• _Prompt_:
Below are entries. Give back exactly the lines from the one containing "Elevate your style" through the one containing "商社や医療・福祉の話を聴いた", inclusive, without the pictures.

(Beginning of Excerpted data)

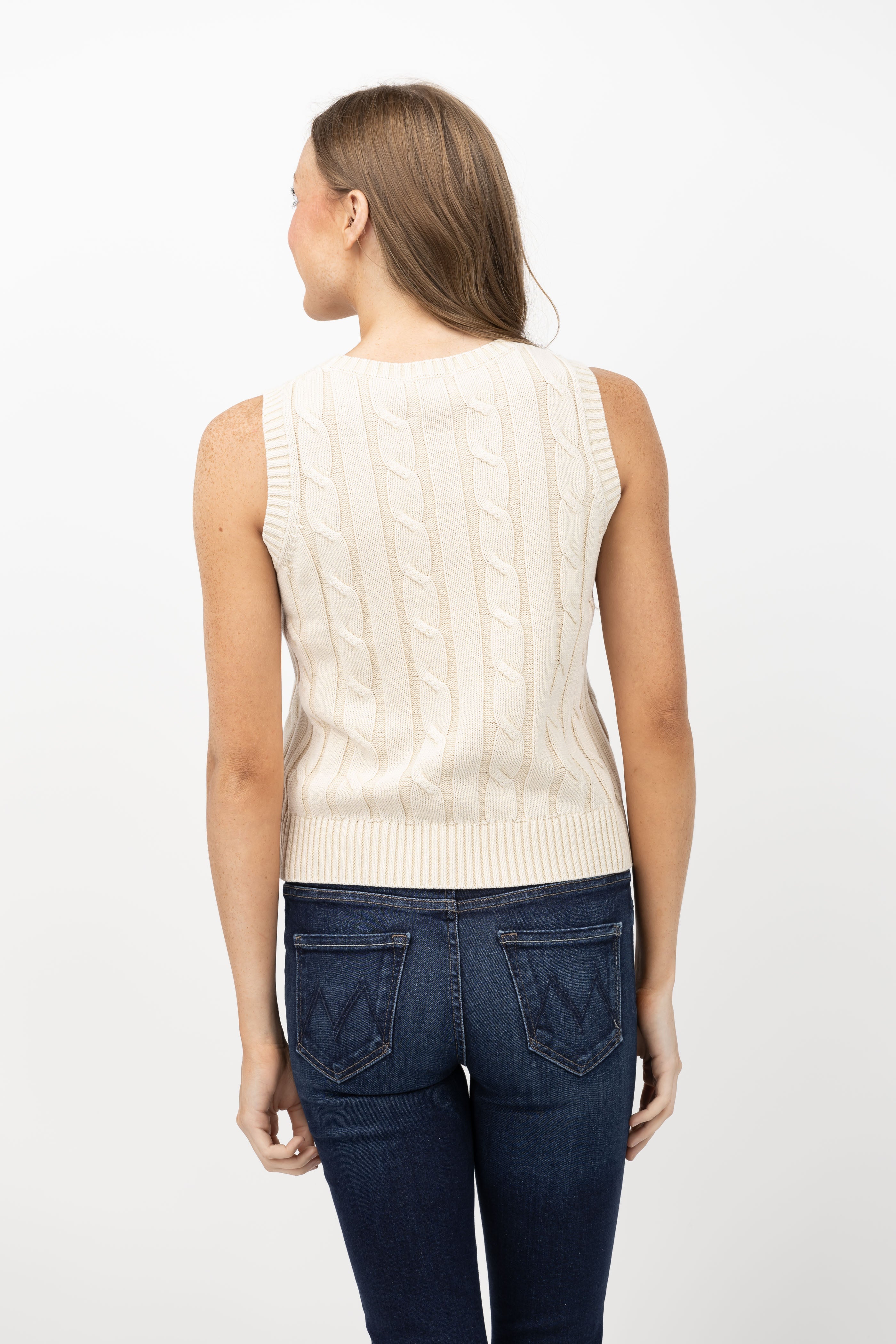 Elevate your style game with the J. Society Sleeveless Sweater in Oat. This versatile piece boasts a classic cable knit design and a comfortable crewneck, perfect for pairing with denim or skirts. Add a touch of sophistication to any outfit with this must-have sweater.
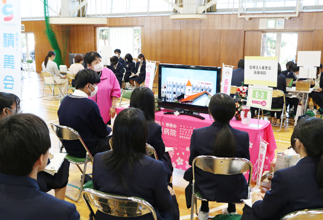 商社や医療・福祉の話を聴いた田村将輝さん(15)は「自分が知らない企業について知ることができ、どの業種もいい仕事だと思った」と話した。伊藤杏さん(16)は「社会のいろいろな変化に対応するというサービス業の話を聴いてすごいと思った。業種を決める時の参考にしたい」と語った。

(End of Excerpted data)
(Beginning of Excerpted data)

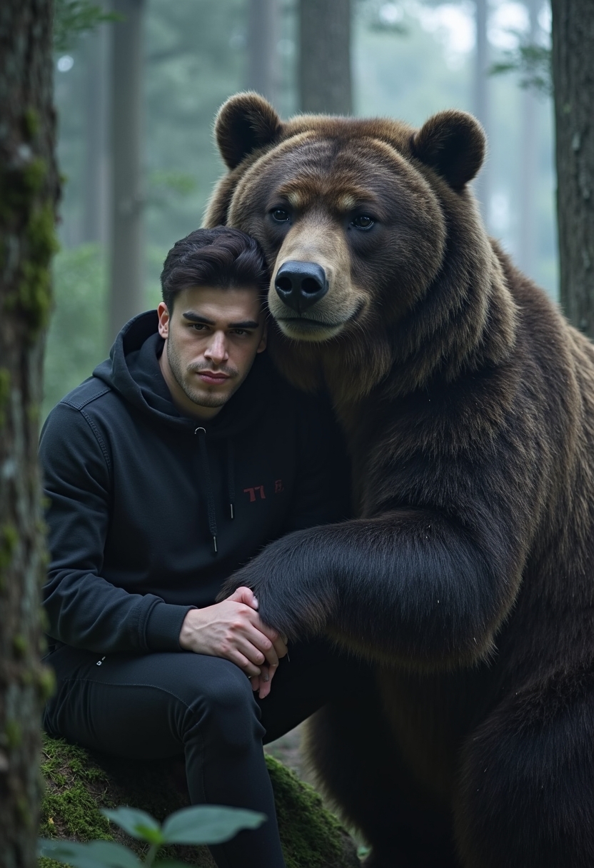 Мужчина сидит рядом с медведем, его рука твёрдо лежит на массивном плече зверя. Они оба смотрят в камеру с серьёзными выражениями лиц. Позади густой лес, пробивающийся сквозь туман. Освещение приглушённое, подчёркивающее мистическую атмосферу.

(End of Excerpted data)

• _Task response_:
 Elevate your style game with the J. Society Sleeveless Sweater in Oat. This versatile piece boasts a classic cable knit design and a comfortable crewneck, perfect for pairing with denim or skirts. Add a touch of sophistication to any outfit with this must-have sweater.
 商社や医療・福祉の話を聴いた田村将輝さん(15)は「自分が知らない企業について知ることができ、どの業種もいい仕事だと思った」と話した。伊藤杏さん(16)は「社会のいろいろな変化に対応するというサービス業の話を聴いてすごいと思った。業種を決める時の参考にしたい」と語った。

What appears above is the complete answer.